The details of this problem are:

• The 5x5 grid has obstacles indicated by black tiles in three contiguous blocks, at coordinates (1,1), (1,2), (1,3); at (3,1) and (4,1); and at (3,3).

• The initial state is S, at coordinates (0,0), and the goal state is G, at (4,2).

For the questions that ask for a path, please give your answers in the form ‘S–(x,y)– …– (x,y)–G’. Break any priority ties using the move order up, right, down, left.

a) What path does iterative-deepening depth-first search with depth parameter k = 3 return for this search problem?

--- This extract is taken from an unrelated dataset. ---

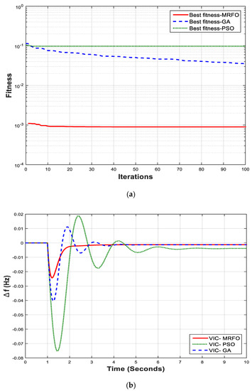 The MRFO was used to find the optimum design parameters for minimizing the system frequency deviation. In this study, the integral square error (ISE) criterion was used as the objective function to be minimized for optimum tuning of the parameters [30,39]. Therefore, the objective function of the optimization problem, depending on the ISE, can be formulated as follows:

b) Now assume a constant cost of -1 per move. What path does uniform cost search return for this search problem?

c) Consider a heuristic for this search problem given by h = 4-x (x is the x-coordinate).

i. Is the heuristic h consistent?

ii. Is the heuristic h admissible?

MODULE 2: REASONING WITH CERTAINTY

Question 2.1

In chess, a queen can move in straight lines any number of squares left or right, forward or backward, or diagonally. The 8-queens puzzle is a classic problem of placing eight chess queens on an 8x8 chessboard so that no two queens threaten each other.

A simpler version of the problem is the 4 queens puzzle, played on a 4x4 board, shown below:

The possible moves of a single queen are shown in this figure.

The typical way to model this problem is to assign each of the 4 queens its own column, A, B, C or D, and then choose a row 1, 2, 3 or 4 in such a way that they cannot attack each other. Starting from this variable definition, answer the following questions on the 4 queens puzzle.

a) What is the domain of each queen?

b) List all binary constraints between variables for this CSP. How many constraints are there?

c) Express the problem as one of logical validity in conjunctive normal form.

d) Assume a partial assignment is given, where Q-A is placed in row 3. Apply backtracking search starting from this partially-assigned CSP. Use the variable ordering (Q-B, Q-C, Q-D) and the variable domain order 1,2,3,4 to expand nodes in the search graph. List all variable assignment and removal operations, and any backtracking operations.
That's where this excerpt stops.